◆ **INFORMATION SHOWN**:
***

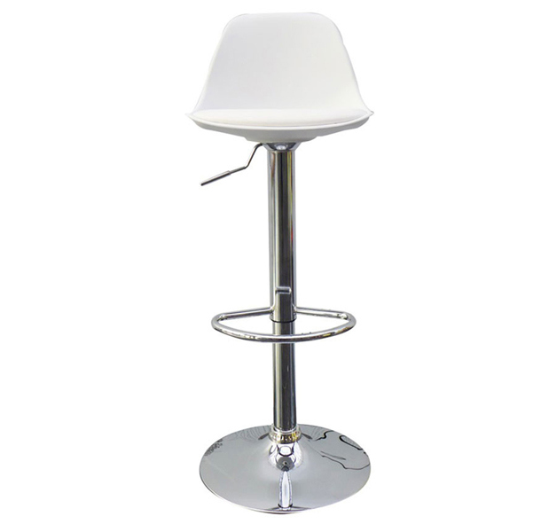 Sgabello con seduta regolabile in polipropilene e cuscino in similpelle imbottito facilmente lavabile. Base e struttura con poggiapiedi in acciaio cromato. Altezza della seduta regolabile da 59 a 71cm tramite leva con meccanismo di pompa a gas. Dimensioni: 39x42cm - H 83/104cm. Consegnato smontato (di facile assemblaggio).
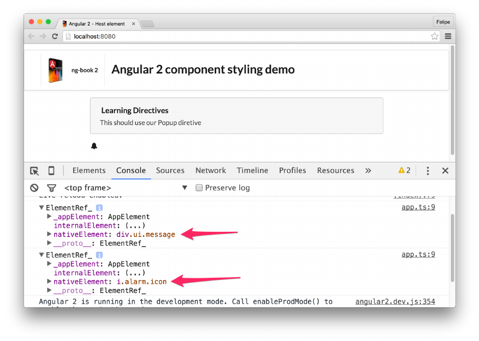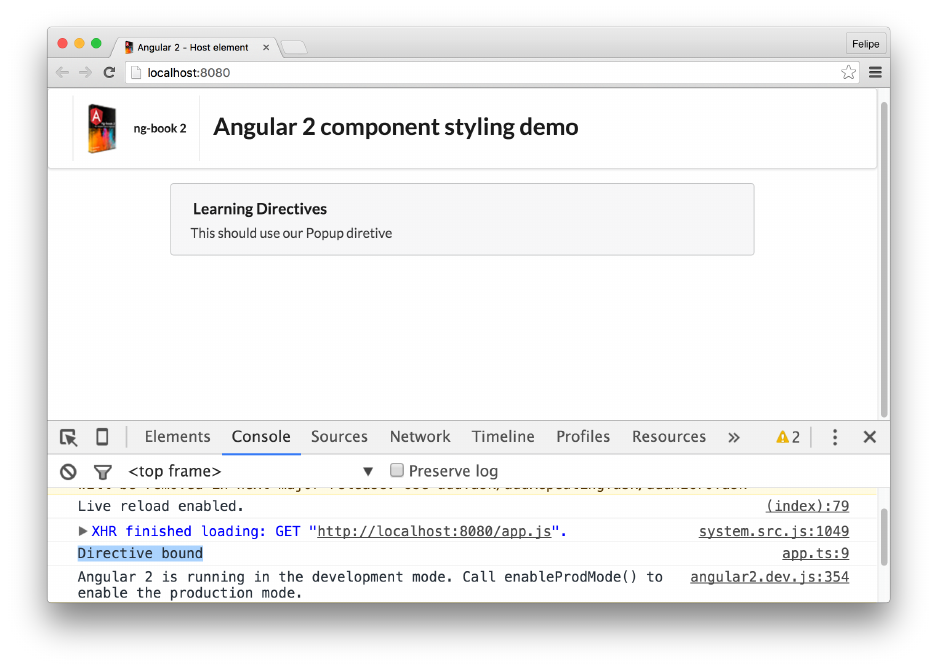 • Updated angular2.dev.js bundle to latest version for all examples
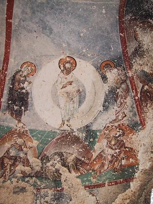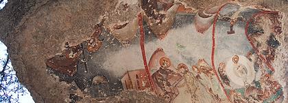 | The ruins of the monastery extended over a couple acres. | | This fresco, painted under a rock, would have been impossible to find had we not met an older German couple coming down when we were going up who gave us directions. The overhang of the rock was plastered, and the fresco was applied to the plaster. |
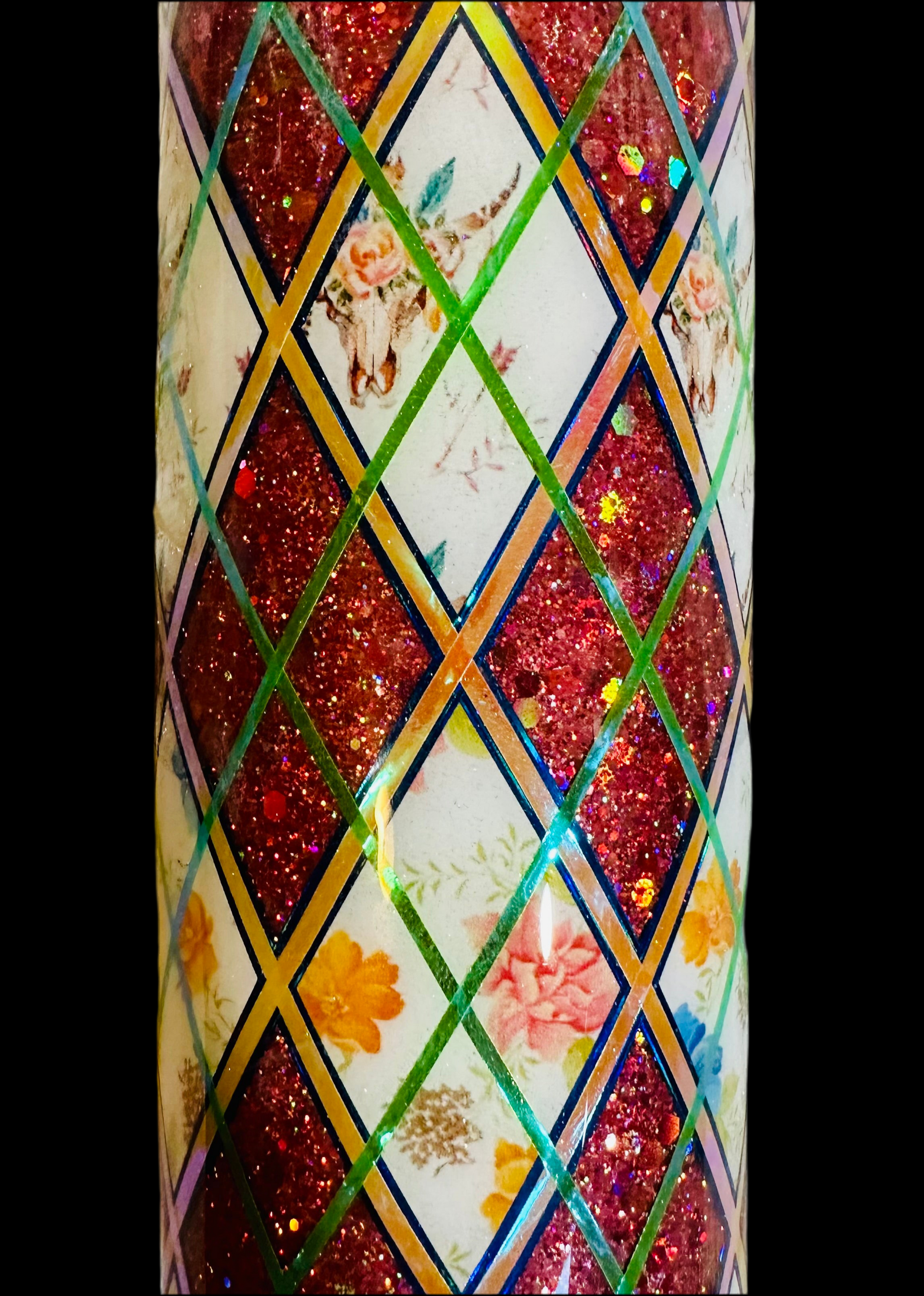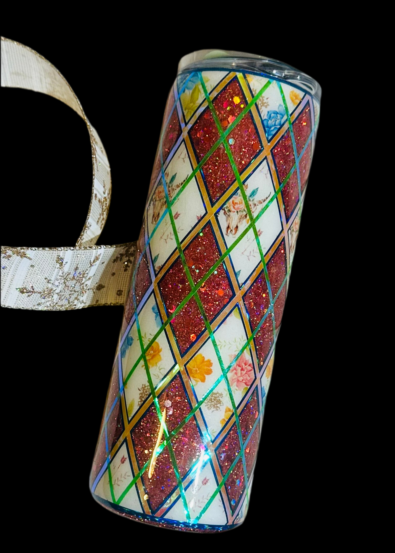 Cow skull and flowers with glitter epoxy tumbler 20 oz hand made

***

◆ **EXERCISE AIM**: Retype the line containing "the plaster. |" and all lines after it to the end of the material, exactly as written, leaving out any pictures.

◆ **RESULT**:
 | The ruins of the monastery extended over a couple acres. | | This fresco, painted under a rock, would have been impossible to find had we not met an older German couple coming down when we were going up who gave us directions. The overhang of the rock was plastered, and the fresco was applied to the plaster. |
 Cow skull and flowers with glitter epoxy tumbler 20 oz hand made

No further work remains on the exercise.